→ What is needed
Could you give back exactly the lines below from the one with "Made from breathable" through the one with "Main Idea Implied", without a single picture?

→ Supplied information
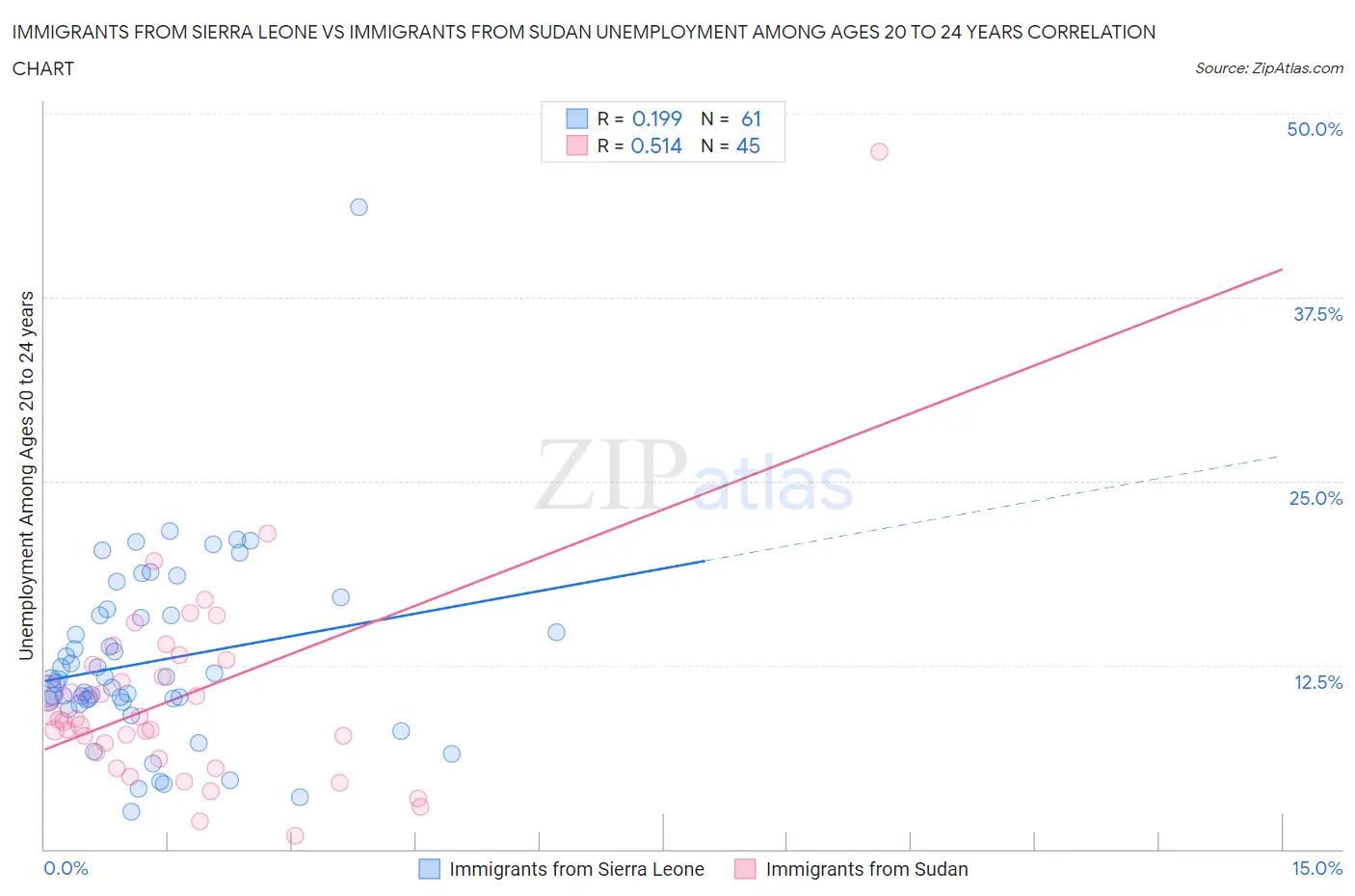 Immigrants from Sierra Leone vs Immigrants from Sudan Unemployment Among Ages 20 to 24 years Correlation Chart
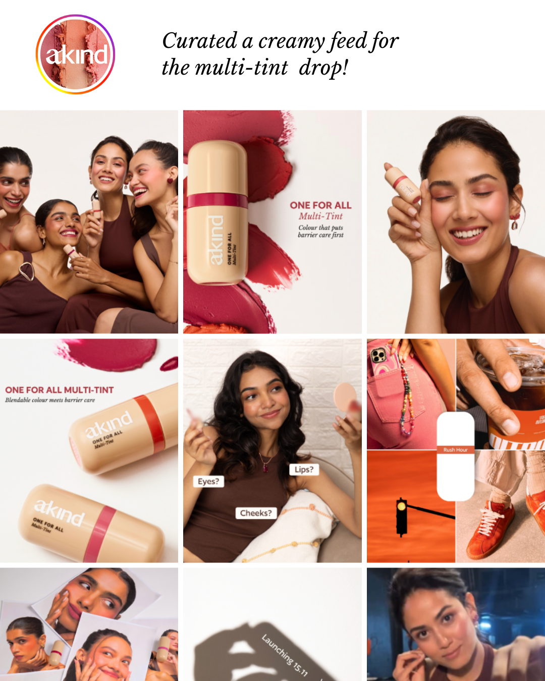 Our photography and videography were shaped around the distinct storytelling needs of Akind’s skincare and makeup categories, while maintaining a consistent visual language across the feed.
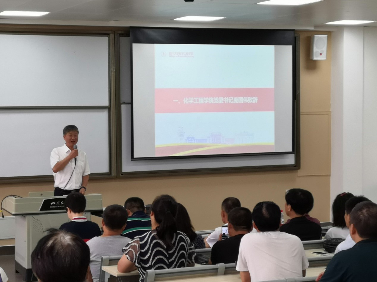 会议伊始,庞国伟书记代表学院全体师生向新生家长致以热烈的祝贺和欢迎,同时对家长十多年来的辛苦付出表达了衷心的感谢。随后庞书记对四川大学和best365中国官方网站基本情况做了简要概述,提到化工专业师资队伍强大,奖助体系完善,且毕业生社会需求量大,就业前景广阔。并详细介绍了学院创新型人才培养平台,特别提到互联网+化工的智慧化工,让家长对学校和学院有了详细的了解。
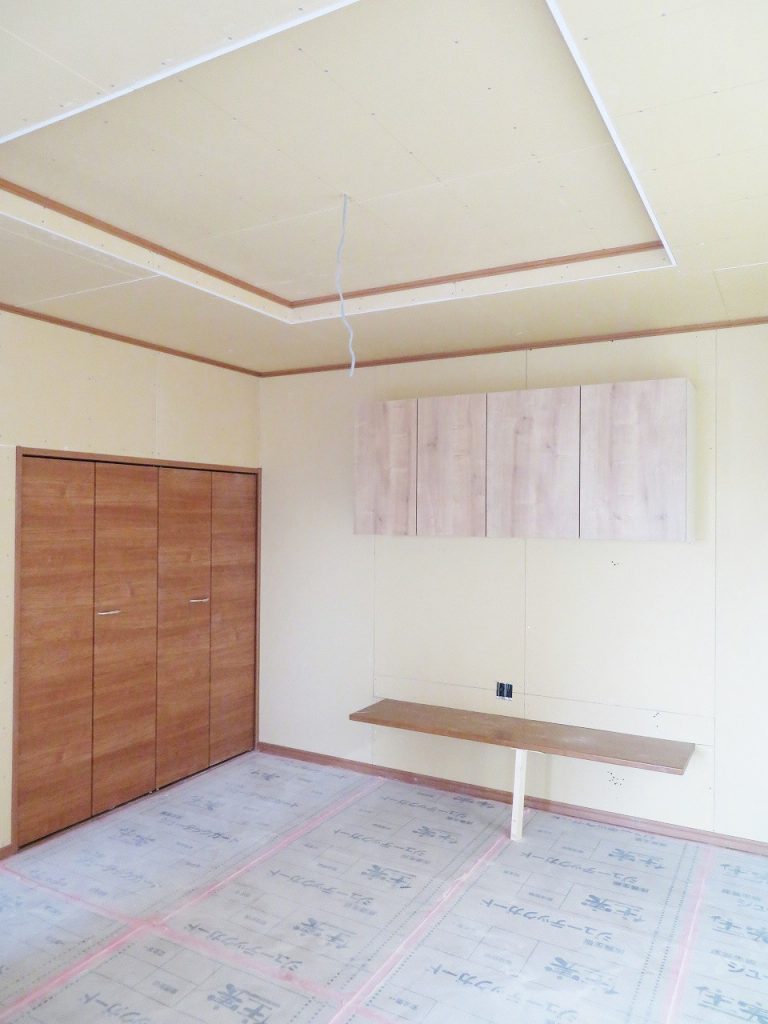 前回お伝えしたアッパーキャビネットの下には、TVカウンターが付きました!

* * *

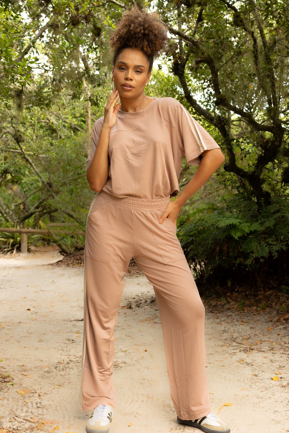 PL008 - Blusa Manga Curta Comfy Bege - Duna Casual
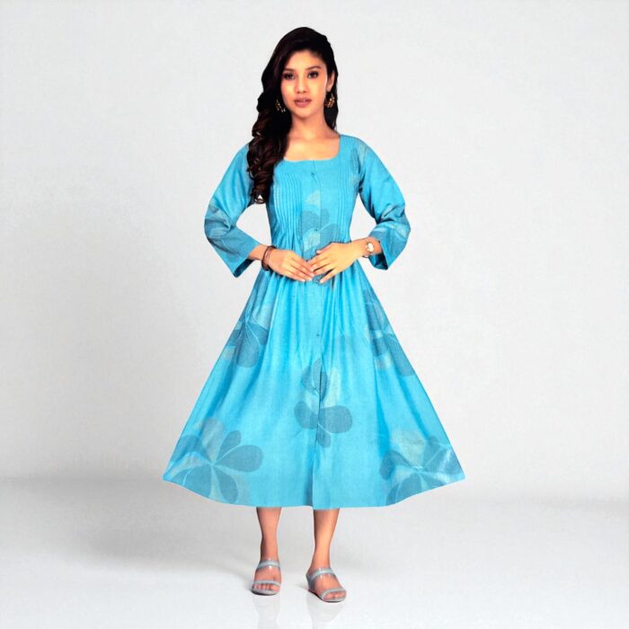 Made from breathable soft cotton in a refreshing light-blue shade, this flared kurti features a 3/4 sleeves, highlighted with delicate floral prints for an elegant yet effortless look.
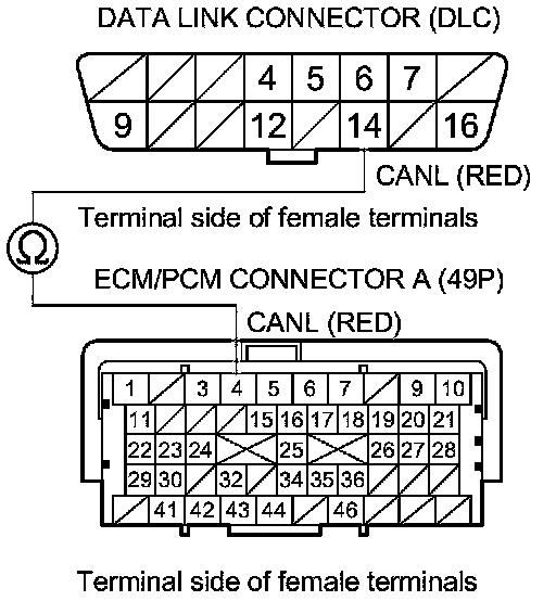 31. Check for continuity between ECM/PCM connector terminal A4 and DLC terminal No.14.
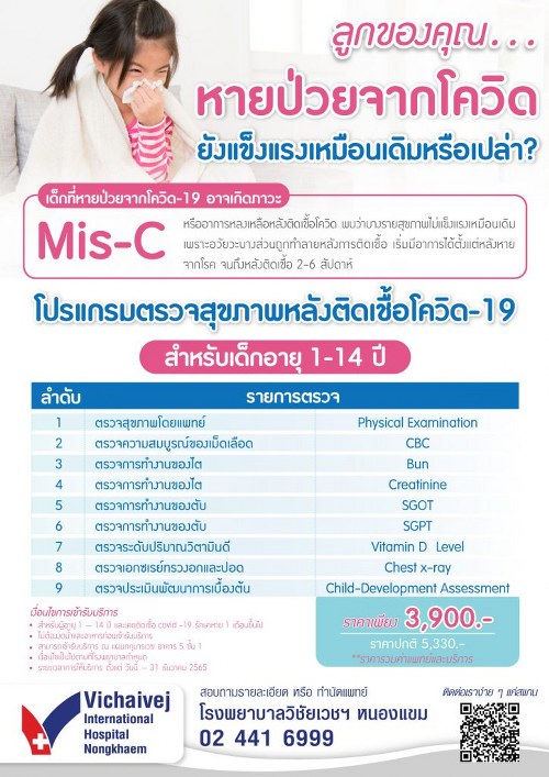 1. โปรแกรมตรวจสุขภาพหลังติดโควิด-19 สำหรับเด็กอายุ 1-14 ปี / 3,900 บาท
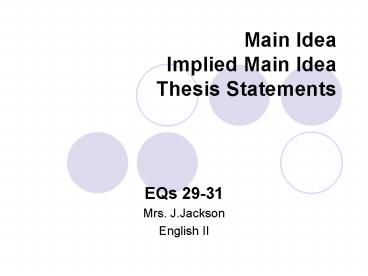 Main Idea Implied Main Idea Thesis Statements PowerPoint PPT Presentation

→ Answer space
 Made from breathable soft cotton in a refreshing light-blue shade, this flared kurti features a 3/4 sleeves, highlighted with delicate floral prints for an elegant yet effortless look.
 31. Check for continuity between ECM/PCM connector terminal A4 and DLC terminal No.14.
 1. โปรแกรมตรวจสุขภาพหลังติดโควิด-19 สำหรับเด็กอายุ 1-14 ปี / 3,900 บาท
 Main Idea Implied Main Idea Thesis Statements PowerPoint PPT Presentation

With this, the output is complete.